Find the area of the region below y=x^2−2x+3 and above y=9 for 3≤x≤5.
Area =
Unclear. Below and above what?
below the parabola and above the line.
Unfortunately, the parabola is only above the line for x > 1+√7 = 3.6
Anyway, when you get things straightened out, the area is clearly just something like
∫[3.6,9] x^2-2x+3 - 9 dx
To find the area of the region below the curve y = x^2 - 2x + 3 and above the line y = 9, we need to find the area between these two curves within the given x-range.

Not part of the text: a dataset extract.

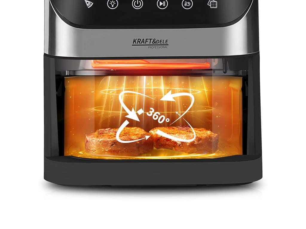 Popis produktu: Díky výkonu 2000 W a moderní cirkulaci horkého vzduchu se jídlo připravuje rychle, rovnoměrně a bez přepáleného tuku. LED displej umožňuje jednoduché ovládání a výběr z 10 automatických programů pro různé druhy pokrmů.

Step 1: Find the points of intersection.
Set the two equations equal to each other: x^2 - 2x + 3 = 9.
Rearrange to get the quadratic equation: x^2 - 2x - 6 = 0.
Solve the quadratic equation using factoring, completing the square, or the quadratic formula. In this case, factoring gives: (x - 3)(x + 2) = 0.
So, x - 3 = 0 or x + 2 = 0.
This means x = 3 or x = -2.
Step 2: Evaluate the integrals.
To find the area between the curves between x = 3 and x = 5, we need to evaluate the integral of the top function minus the integral of the bottom function within this range.
Area = ∫[3,5] (x^2 - 2x + 3) dx - ∫[3,5] 9 dx.
Evaluate the first integral:
∫[3,5] (x^2 - 2x + 3) dx = [(1/3) x^3 - x^2 + 3x] | [3,5]
= [(1/3) (5^3) - (5^2) + 3(5)] - [(1/3) (3^3) - (3^2) + 3(3)]
= [125/3 - 25 + 15] - [27/3 - 9 + 9]
= [(125 - 75 + 45) - (27 - 9 + 9)]/3
= 95/3.
Evaluate the second integral:
∫[3,5] 9 dx = 9x | [3,5]
= 9(5) - 9(3)
= 45 - 27
= 18.
Step 3: Calculate the area.
Now subtract the second integral from the first:
Area = (95/3) - 18
= (95 - 54)/3
= 41/3.
Therefore, the area of the region below y = x^2 - 2x + 3 and above y = 9 for 3 ≤ x ≤ 5 is 41/3 square units.